Na znak żałoby i solidarności z rodakami Robert Kubica na treningach przed Grand Prix Chin jeździł oflagowanym bolidem. Jak donosi Super Express, w najbliższą niedzielę czyli w dniu pogrzebu Marii i Lecha Kaczyńskich, Robert wsiądzie do wymalowanego w biało-czerwone flagi bolidu. Będzie miał poza tym czarną opaską na ramieniu.

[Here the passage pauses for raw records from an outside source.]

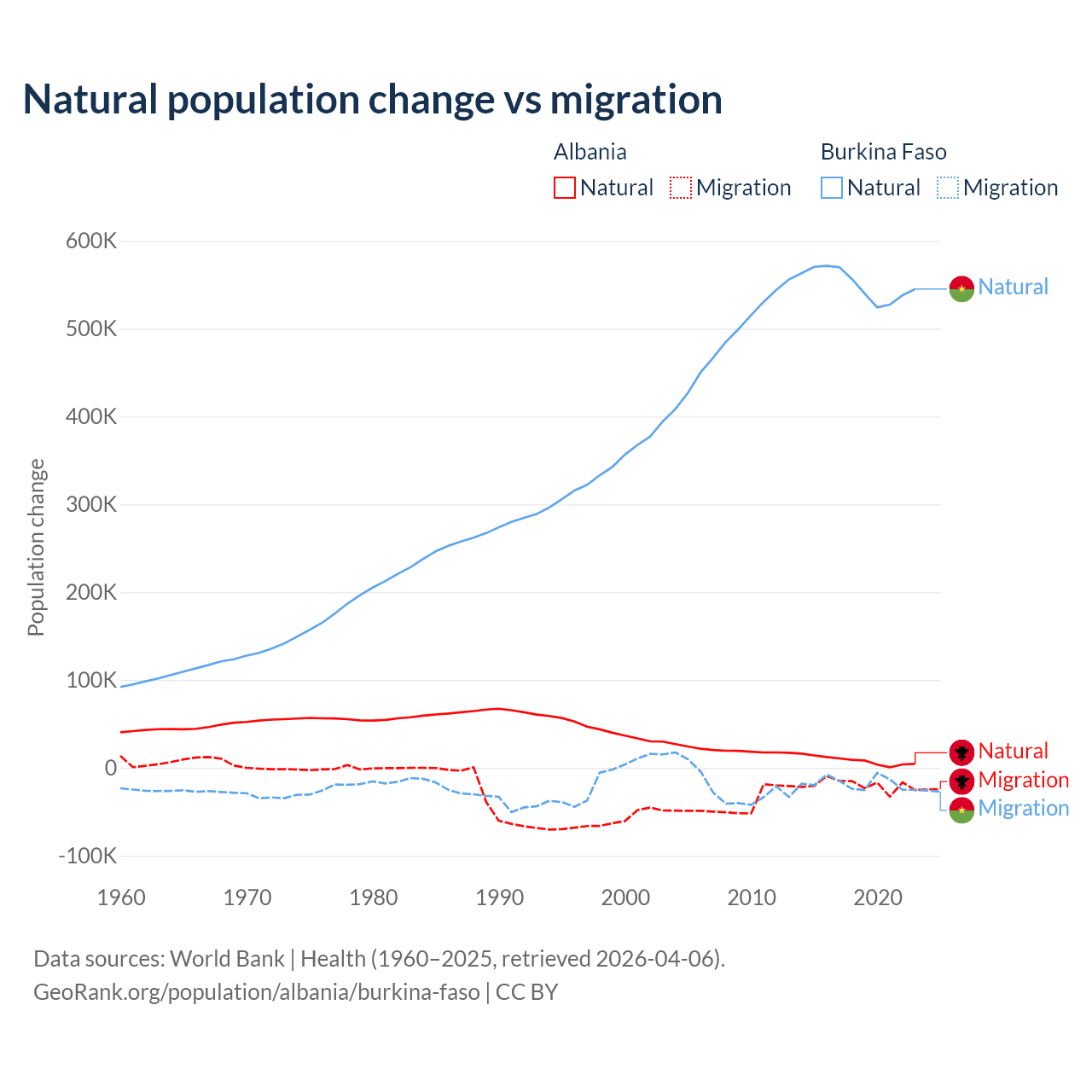 Over the last 10 years, 30% of the population change in Albania is from natural causes (a gain of 83,840 people) and 70% is from migration (a loss of 195,891 people). In Burkina Faso 96.9% is from natural causes (a gain of 5,506,960 people) and 3.13% is from migration (a loss of 177,923 people).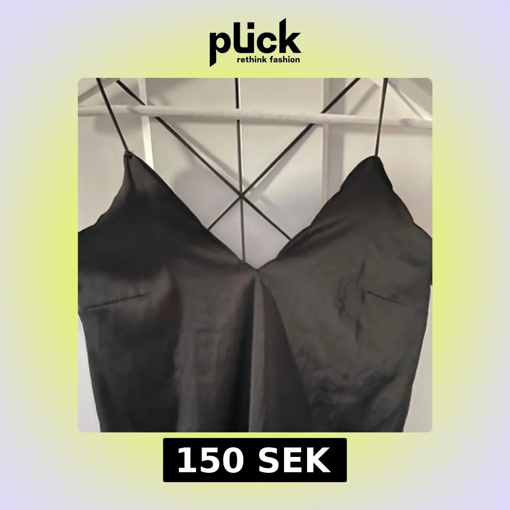 Snygg svart linnetopp med tunna axelband och v-ringad hals. Toppen har en slät, glansig yta. Banden i ryggen går som ett kors och det är bara att kontakta för flera bilder!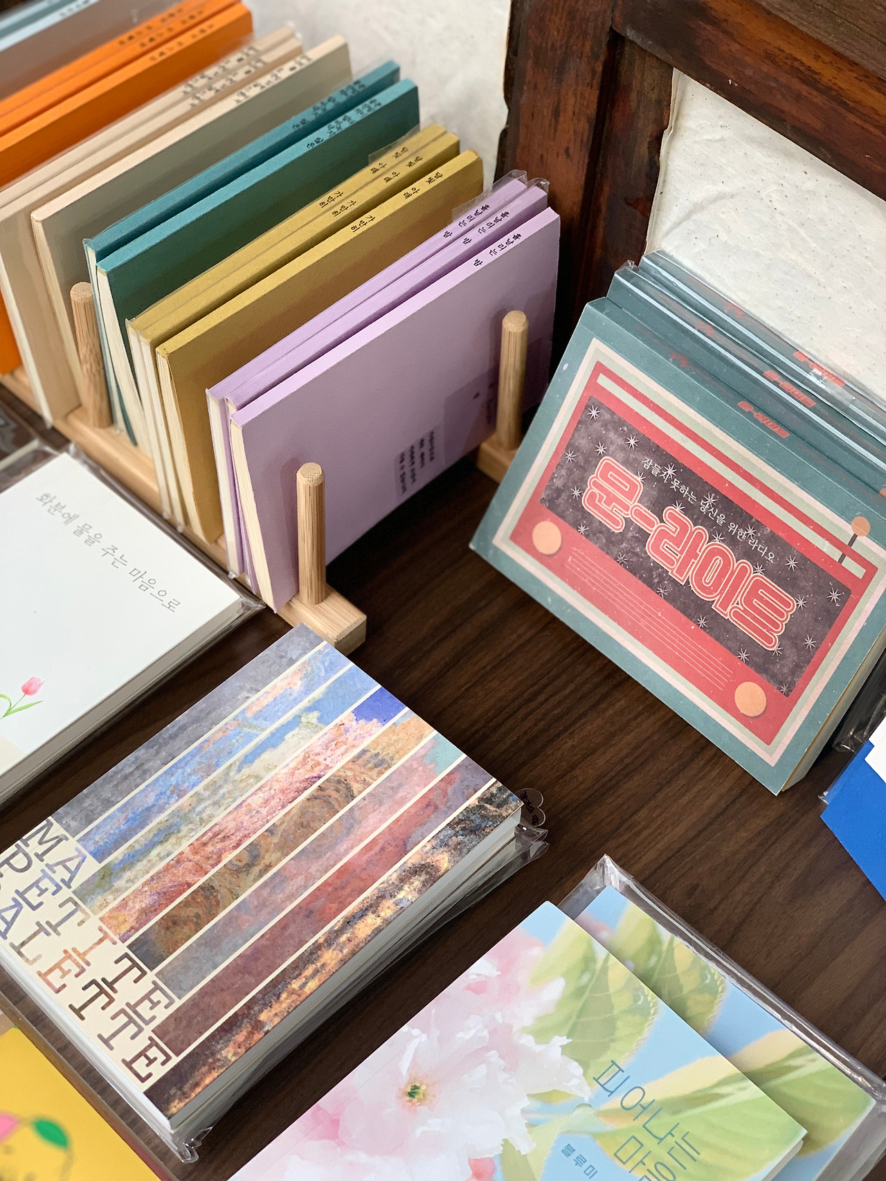 그렇게 한 시간 가량 구경을 하고 책 두 권을 골라 계산대로 갔는데, 사장님이 너무나 친절하게 “천천히 구경해주셔서 감사합니다”라고 말씀해주시는 게 아닌가. 나는 속으로 ‘이렇게 예쁜 곳을 천천히 구경하게 해 주시다니, 제가 더 감사하죠…’라고 했고. 혹시 작가님이냐고 물어보시는 사장님께 그렇다고 답했다. 내내 밝게 웃으며 대화를 했는데 책방도 주인을 닮아가나 싶었다. 독립출판물 특유의 먼지 묻은 듯한 종이를 많이 만져서인지 손이 부슬부슬했고, 새로 교체된 인센스 스틱이 반 정도 타고 있을 즈음에 서점을 나왔다. 햇빛이 들어오는 예쁜 책방. 더욱 소중해질 예정이니 궁금하면 얼른 가보시길 추천하며.. 나는 구매한 책을 맛있게 읽을 예정임을 밝힌다.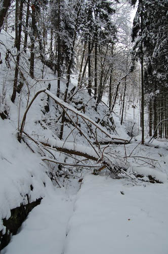 Mit Bruchholz verstopfter Graben, dafür ist der Weg begehbar. |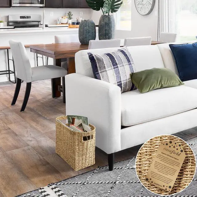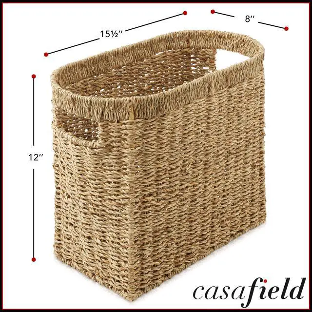 Crafted with care and designed for functionality, Casafield's magazine holder basket offers a blend of sustainability and functionality. Constructed from seagrass, it embodies eco-conscious living by utilizing renewable materials. Seagrass, known for its rapid growth and ability to regenerate quickly, ensures a sustainable approach to storage solutions.

To, co się stało, nie wymaga komentarza - oświadczył krótko w rozmowie z dziennikarzem Faktu przed rozpoczęciem piątkowego przejazdu. Dla naszego kraju i wszystkich Polaków są to bardzo trudne i smutne chwile. Postanowiliśmy z zespołem, że złożymy hołd ofiarom poprzez komunikat na bolidzie.

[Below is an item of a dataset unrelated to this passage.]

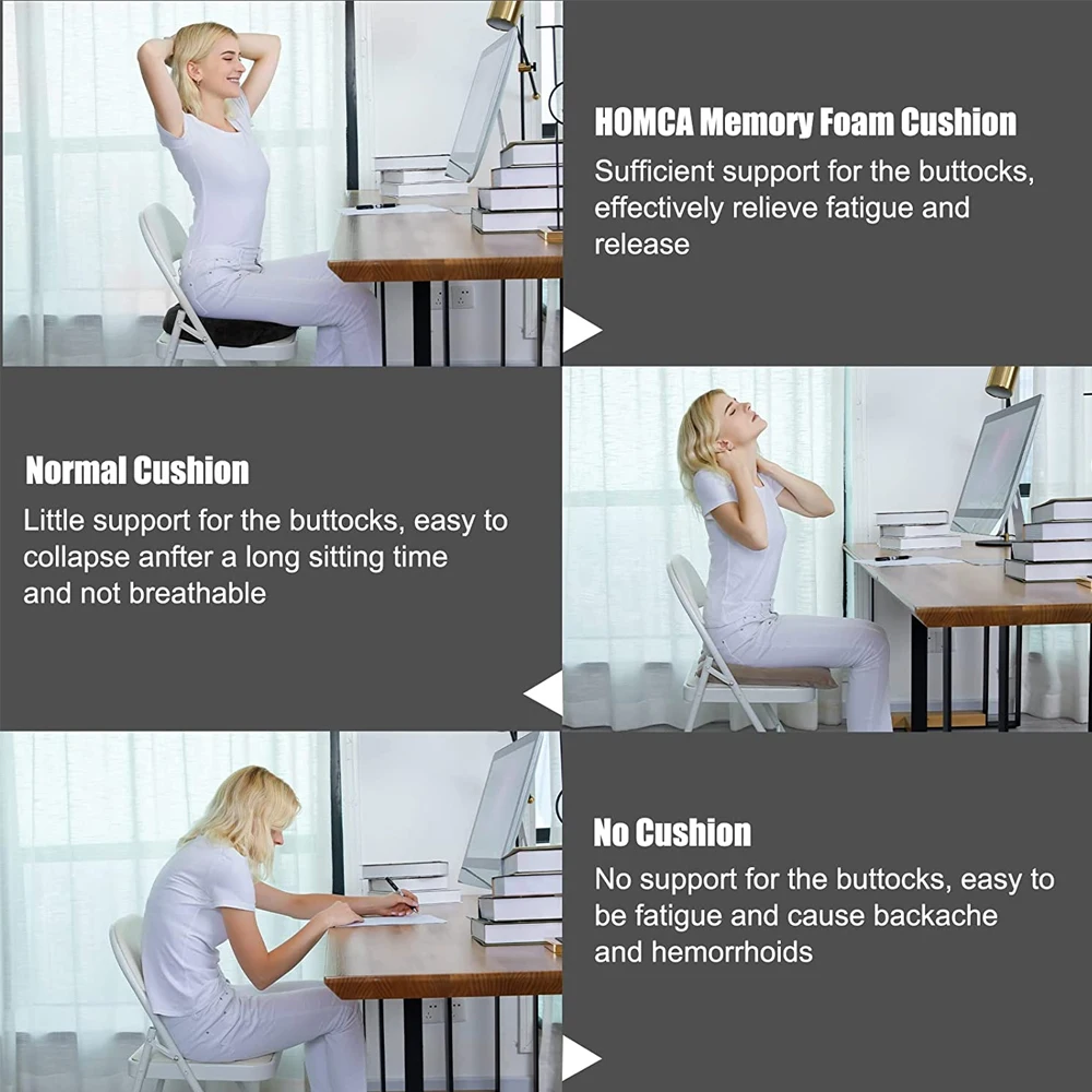 2. HEMORRHOID PILLOW – Made from premium memory foam – uplifts your body to stabilize and align your spine and thus lets you sit ideally for a long time without causing any pain to your back and lower body.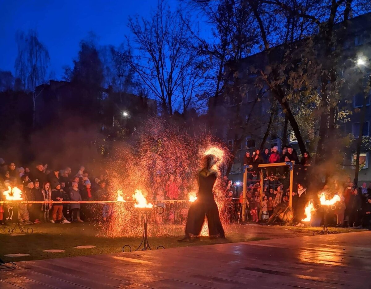 Vėliau renginio metu visus pašėlti kvietė choreografijos mokytojos Linos vadovaujamos šokio studijos „Baltas paukštis“ narių šokis „Matau tave“, o meninio ugdymo mokytoja Viktorija kartu su „Pelėdžiukų“ grupės vaikais atliko muzikinį kūrinį „Žibintas“. Vakarą užbaigė įspūdingas ir ilgai atmintyje dar išliekantis „Ugnies šou“ pasirodymas.

Kubica liczy na to, że w Grand Prix Chin zdobędzie miejsce na podium. Wówczas będzie mógł zadedykować swoje zwycięstwo ofiarom tragedii.
Udało nam się zrealizować większość programu dotyczącego ustawień bolidu i wykonać kilka przejazdów potrzebnych do sprawdzenia zachowania opon - stwierdził optymistycznie po piątkowych przejazdach. Ciągle musimy poprawić wyważenie samochodu, ponieważ brakuje przyczepności. Szczególnie gdy w baku jest mało paliwa. Zatankowany bolid zachowuje się dużo lepiej.
Trzymamy kciuki.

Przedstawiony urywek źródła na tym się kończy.